◆ What you are asked to do
In this exercise, print only the lines of the records below from the one with "国道142号(新和田トンネル" through the one with "என்னை நேசிக்கிறேன் என்று", inclusive. Pictures are not part of the copy.

[Data extract]

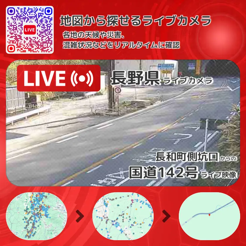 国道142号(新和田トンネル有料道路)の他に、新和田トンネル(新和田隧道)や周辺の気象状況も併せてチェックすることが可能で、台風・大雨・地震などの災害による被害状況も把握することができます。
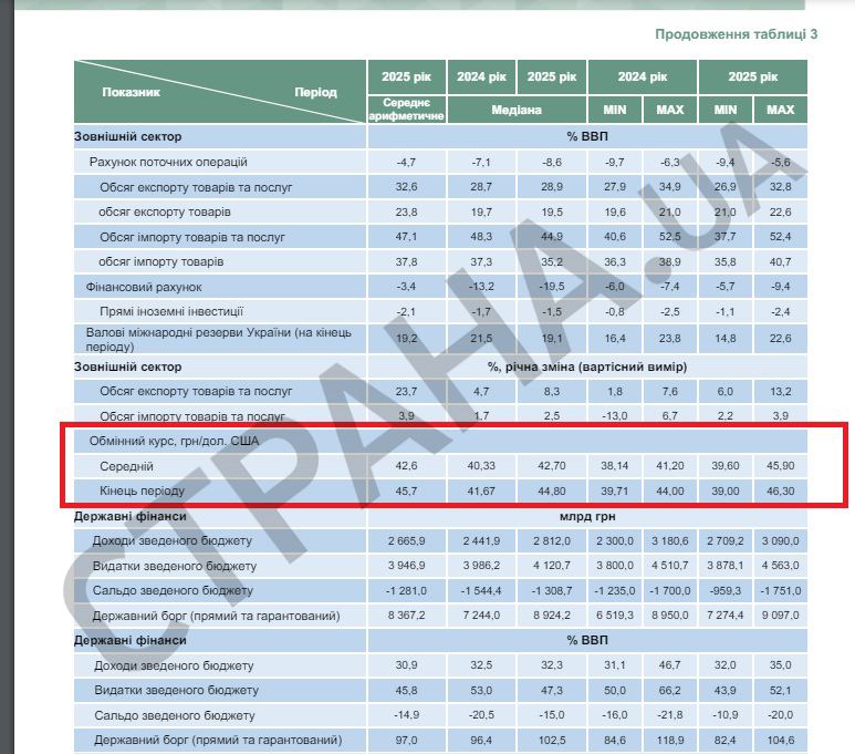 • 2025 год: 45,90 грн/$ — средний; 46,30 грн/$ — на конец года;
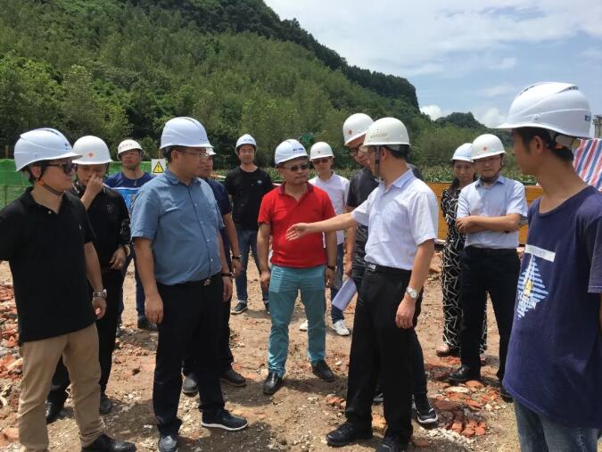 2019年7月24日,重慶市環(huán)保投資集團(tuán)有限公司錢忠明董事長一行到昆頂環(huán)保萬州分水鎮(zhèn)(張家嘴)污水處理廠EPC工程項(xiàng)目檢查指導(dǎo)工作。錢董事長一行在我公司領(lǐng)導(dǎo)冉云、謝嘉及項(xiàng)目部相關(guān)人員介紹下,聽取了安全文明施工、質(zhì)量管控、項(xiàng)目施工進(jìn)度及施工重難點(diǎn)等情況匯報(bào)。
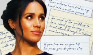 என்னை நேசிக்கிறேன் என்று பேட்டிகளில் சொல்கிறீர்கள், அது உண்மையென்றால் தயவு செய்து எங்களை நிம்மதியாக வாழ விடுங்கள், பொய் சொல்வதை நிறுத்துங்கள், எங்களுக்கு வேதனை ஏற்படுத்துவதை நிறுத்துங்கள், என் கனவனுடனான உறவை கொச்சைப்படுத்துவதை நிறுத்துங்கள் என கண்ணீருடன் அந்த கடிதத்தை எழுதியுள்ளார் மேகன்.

[/Data extract]
[Data extract]

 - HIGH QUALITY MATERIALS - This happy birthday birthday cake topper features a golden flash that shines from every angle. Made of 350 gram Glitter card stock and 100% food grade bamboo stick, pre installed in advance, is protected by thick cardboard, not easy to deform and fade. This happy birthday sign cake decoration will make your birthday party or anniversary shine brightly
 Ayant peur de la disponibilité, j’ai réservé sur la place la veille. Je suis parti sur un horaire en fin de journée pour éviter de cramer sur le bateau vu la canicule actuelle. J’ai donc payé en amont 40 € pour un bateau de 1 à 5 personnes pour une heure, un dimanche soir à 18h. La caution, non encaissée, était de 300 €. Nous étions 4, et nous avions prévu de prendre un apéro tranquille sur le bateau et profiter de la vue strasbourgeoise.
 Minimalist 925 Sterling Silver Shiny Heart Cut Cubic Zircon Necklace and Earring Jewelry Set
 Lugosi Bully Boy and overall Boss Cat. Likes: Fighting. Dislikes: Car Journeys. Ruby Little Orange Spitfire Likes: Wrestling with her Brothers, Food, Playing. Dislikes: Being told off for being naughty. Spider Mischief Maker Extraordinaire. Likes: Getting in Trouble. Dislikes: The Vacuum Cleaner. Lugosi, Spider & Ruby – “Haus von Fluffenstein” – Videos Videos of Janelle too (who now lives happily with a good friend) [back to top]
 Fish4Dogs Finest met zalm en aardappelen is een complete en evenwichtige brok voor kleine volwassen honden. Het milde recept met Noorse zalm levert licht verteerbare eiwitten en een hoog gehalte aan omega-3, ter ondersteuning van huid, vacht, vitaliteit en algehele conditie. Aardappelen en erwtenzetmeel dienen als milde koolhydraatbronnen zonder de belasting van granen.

[/Data extract]

◆ Response below
 国道142号(新和田トンネル有料道路)の他に、新和田トンネル(新和田隧道)や周辺の気象状況も併せてチェックすることが可能で、台風・大雨・地震などの災害による被害状況も把握することができます。
 • 2025 год: 45,90 грн/$ — средний; 46,30 грн/$ — на конец года;
 2019年7月24日,重慶市環(huán)保投資集團(tuán)有限公司錢忠明董事長一行到昆頂環(huán)保萬州分水鎮(zhèn)(張家嘴)污水處理廠EPC工程項(xiàng)目檢查指導(dǎo)工作。錢董事長一行在我公司領(lǐng)導(dǎo)冉云、謝嘉及項(xiàng)目部相關(guān)人員介紹下,聽取了安全文明施工、質(zhì)量管控、項(xiàng)目施工進(jìn)度及施工重難點(diǎn)等情況匯報(bào)。
 என்னை நேசிக்கிறேன் என்று பேட்டிகளில் சொல்கிறீர்கள், அது உண்மையென்றால் தயவு செய்து எங்களை நிம்மதியாக வாழ விடுங்கள், பொய் சொல்வதை நிறுத்துங்கள், எங்களுக்கு வேதனை ஏற்படுத்துவதை நிறுத்துங்கள், என் கனவனுடனான உறவை கொச்சைப்படுத்துவதை நிறுத்துங்கள் என கண்ணீருடன் அந்த கடிதத்தை எழுதியுள்ளார் மேகன்.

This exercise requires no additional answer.